Put 50μ of live serum and 1.5ml of the first reagent solution into a test tube and incubate at 37 ℃.
After preliminarily heating for 5 minutes at 1.
Add 5 ml and leave at 37 ° C for 5 minutes. Then, the absorbance at λ _max of each chromogen shown in Table 3 is measured using a test blind as a control, and the total bile acid concentration in serum is calculated from a calibration curve prepared in advance. The results are shown in Table 7 in comparison with the values measured using the high performance liquid chromatography method (HPLC method).

It is understood that in each of Examples 2 to 5, each of the measuring methods of the present invention is close to and accurate in the results of the other methods.

Claims (2)

[Claims] 1. NAD in the presence of a compound represented by the following general formula (I) [hereinafter referred to as compound (I)] or a salt thereof.
(P) A method for quantifying reduced coenzyme, which comprises reacting peroxidase or diaphorase with H and measuring the absorbance of the reaction solution which has been colored. General formula (I): In the formula, Y is a hydrogen atom or , Z represents an enzyme atom or an ionic atom, X represents a hydrogen atom, alkyl, alkenyl, allyl, amino or substituted amino, R ₁ represents hydroxyl, amino or substituted amino, and R ₂ represents a hydrogen atom or hydroxyl. , Alkyl, alkoxy, allyl, alkenyl, amino or substituted amino, R ₃ , R ₄ , R ₅ and R ₆ may be the same or different,
A hydrogen atom, alkyl, alkenyl, acyl, allyl, halogen atom, nitro, sulfo, carboxyl, hydroxyl, alkoxy and groups represented by the following general formulas III, IV, VI and VII are shown.

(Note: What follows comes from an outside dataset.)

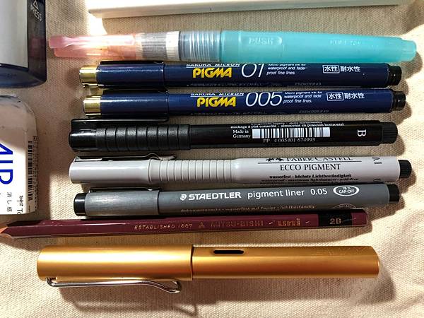 我平常畫小東西就用一支水筆解決,假日認真畫作品的時候就會派它們上場了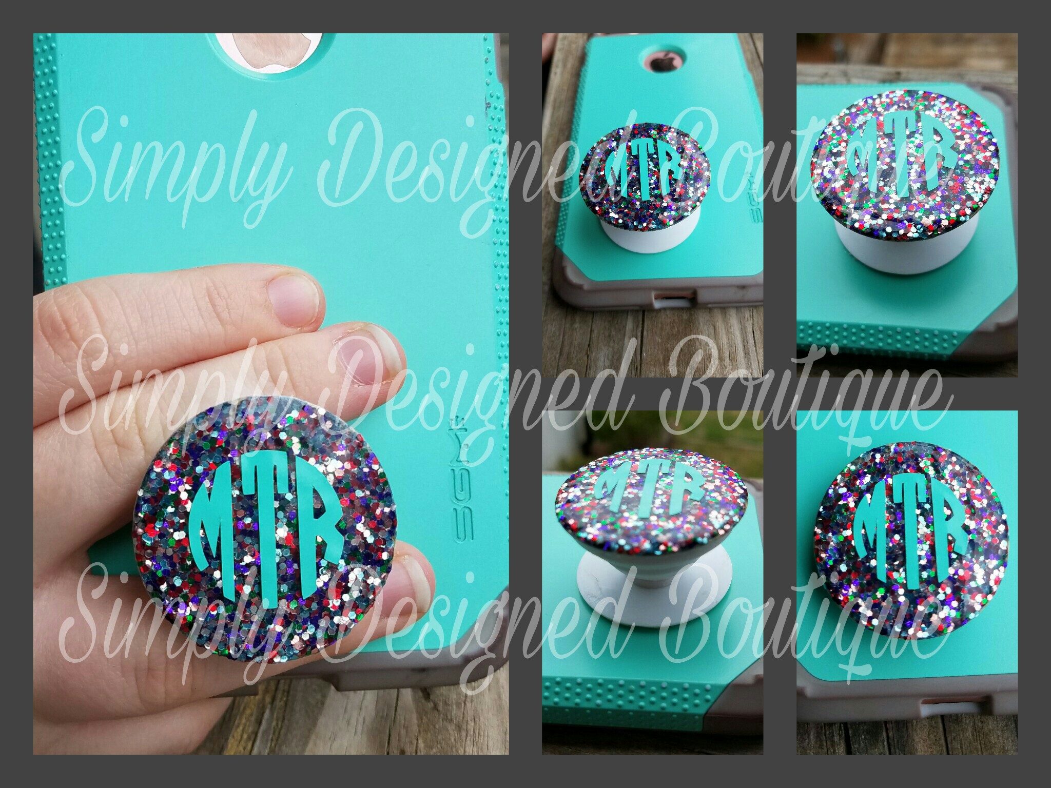 Glitter Phone Holder, Monogrammed Phone Socket, Pop Up Phone Accessory-1

General formula (III): General formula (IV): General formula (VI): General formula (VII): In the formula, A ₁ represents an alkylene group, A ₂ has the same meaning as R ₂ , B ₁ , B ₂ , B ₃ , B ₄ , B ₅ and B ₆ are the same or different and each is a hydrogen atom, alkyl or alkenyl. , Acyl, allyl,
Represents a halogen atom, nitro, sulfo, carboxyl, hydroxyl, alkoxy or hydroxyalkyl. 2. A composition for quantifying NAD (P) H, which comprises (a) peroxidase (b) diaphorase (c) compound (I) or a salt thereof.